Provided data START
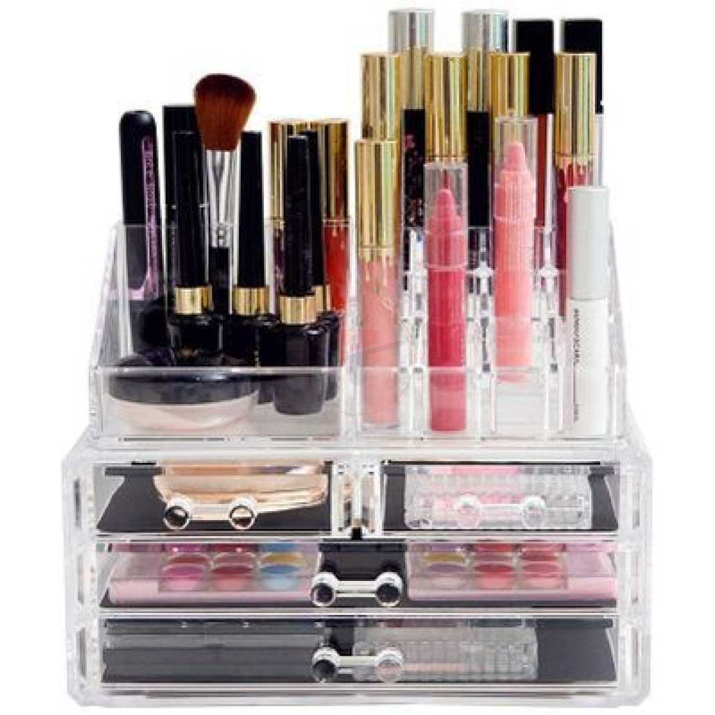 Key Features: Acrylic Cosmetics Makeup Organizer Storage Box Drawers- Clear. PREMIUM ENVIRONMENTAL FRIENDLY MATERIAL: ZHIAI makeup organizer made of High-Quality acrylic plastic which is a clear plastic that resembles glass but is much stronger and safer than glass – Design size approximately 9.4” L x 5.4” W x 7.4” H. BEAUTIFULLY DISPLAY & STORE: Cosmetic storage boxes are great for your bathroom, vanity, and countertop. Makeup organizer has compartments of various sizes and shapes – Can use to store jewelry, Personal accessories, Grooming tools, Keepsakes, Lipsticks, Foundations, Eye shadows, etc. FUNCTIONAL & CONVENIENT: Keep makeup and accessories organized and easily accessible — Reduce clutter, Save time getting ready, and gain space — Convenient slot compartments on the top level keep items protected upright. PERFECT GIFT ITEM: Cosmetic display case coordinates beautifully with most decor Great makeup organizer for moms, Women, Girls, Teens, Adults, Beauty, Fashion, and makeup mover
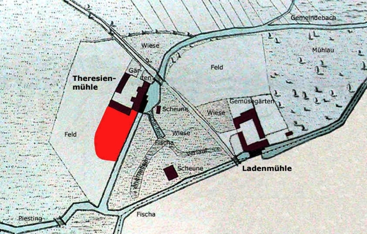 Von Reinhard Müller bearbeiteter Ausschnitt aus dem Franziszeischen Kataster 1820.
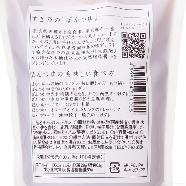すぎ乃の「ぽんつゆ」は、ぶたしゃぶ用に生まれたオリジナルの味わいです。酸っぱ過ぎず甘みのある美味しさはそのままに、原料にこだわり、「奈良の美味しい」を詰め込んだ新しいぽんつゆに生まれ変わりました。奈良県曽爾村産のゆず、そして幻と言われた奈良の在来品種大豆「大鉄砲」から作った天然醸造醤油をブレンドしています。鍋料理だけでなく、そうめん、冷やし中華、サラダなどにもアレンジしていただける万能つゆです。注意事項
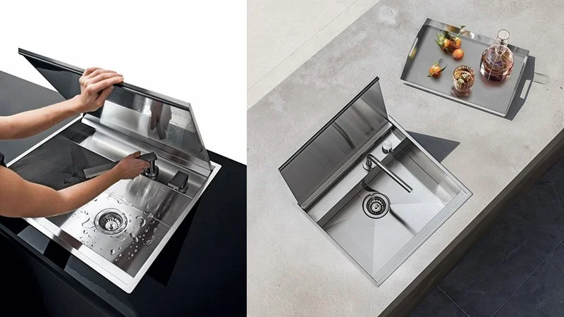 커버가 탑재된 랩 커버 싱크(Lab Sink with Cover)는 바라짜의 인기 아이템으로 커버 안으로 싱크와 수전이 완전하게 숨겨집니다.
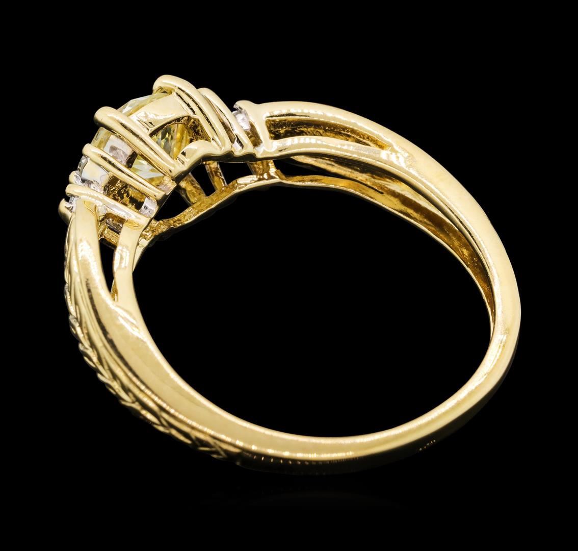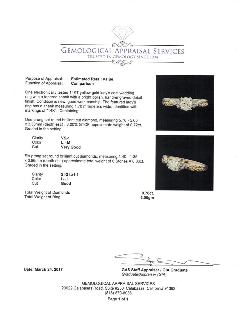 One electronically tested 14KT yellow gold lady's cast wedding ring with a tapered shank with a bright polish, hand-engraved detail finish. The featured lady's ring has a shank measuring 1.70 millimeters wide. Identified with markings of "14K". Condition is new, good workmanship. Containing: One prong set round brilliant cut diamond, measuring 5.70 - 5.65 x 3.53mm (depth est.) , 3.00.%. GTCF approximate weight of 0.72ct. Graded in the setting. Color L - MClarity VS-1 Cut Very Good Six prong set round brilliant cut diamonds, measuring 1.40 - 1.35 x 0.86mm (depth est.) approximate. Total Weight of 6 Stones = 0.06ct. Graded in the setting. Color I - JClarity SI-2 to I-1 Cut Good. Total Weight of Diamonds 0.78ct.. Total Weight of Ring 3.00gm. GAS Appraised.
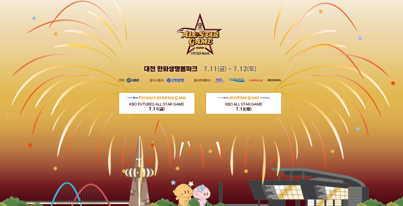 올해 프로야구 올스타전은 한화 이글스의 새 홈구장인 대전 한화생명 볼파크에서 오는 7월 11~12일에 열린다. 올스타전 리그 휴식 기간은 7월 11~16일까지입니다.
Provided data END
## Your goal:
For this exercise, copy each line of the data above exactly, from the first through the line containing "커버가 탑재된 랩 커버", and drop the pictures.

## Task answer:
 Key Features: Acrylic Cosmetics Makeup Organizer Storage Box Drawers- Clear. PREMIUM ENVIRONMENTAL FRIENDLY MATERIAL: ZHIAI makeup organizer made of High-Quality acrylic plastic which is a clear plastic that resembles glass but is much stronger and safer than glass – Design size approximately 9.4” L x 5.4” W x 7.4” H. BEAUTIFULLY DISPLAY & STORE: Cosmetic storage boxes are great for your bathroom, vanity, and countertop. Makeup organizer has compartments of various sizes and shapes – Can use to store jewelry, Personal accessories, Grooming tools, Keepsakes, Lipsticks, Foundations, Eye shadows, etc. FUNCTIONAL & CONVENIENT: Keep makeup and accessories organized and easily accessible — Reduce clutter, Save time getting ready, and gain space — Convenient slot compartments on the top level keep items protected upright. PERFECT GIFT ITEM: Cosmetic display case coordinates beautifully with most decor Great makeup organizer for moms, Women, Girls, Teens, Adults, Beauty, Fashion, and makeup mover
 Von Reinhard Müller bearbeiteter Ausschnitt aus dem Franziszeischen Kataster 1820.
すぎ乃の「ぽんつゆ」は、ぶたしゃぶ用に生まれたオリジナルの味わいです。酸っぱ過ぎず甘みのある美味しさはそのままに、原料にこだわり、「奈良の美味しい」を詰め込んだ新しいぽんつゆに生まれ変わりました。奈良県曽爾村産のゆず、そして幻と言われた奈良の在来品種大豆「大鉄砲」から作った天然醸造醤油をブレンドしています。鍋料理だけでなく、そうめん、冷やし中華、サラダなどにもアレンジしていただける万能つゆです。注意事項
 커버가 탑재된 랩 커버 싱크(Lab Sink with Cover)는 바라짜의 인기 아이템으로 커버 안으로 싱크와 수전이 완전하게 숨겨집니다.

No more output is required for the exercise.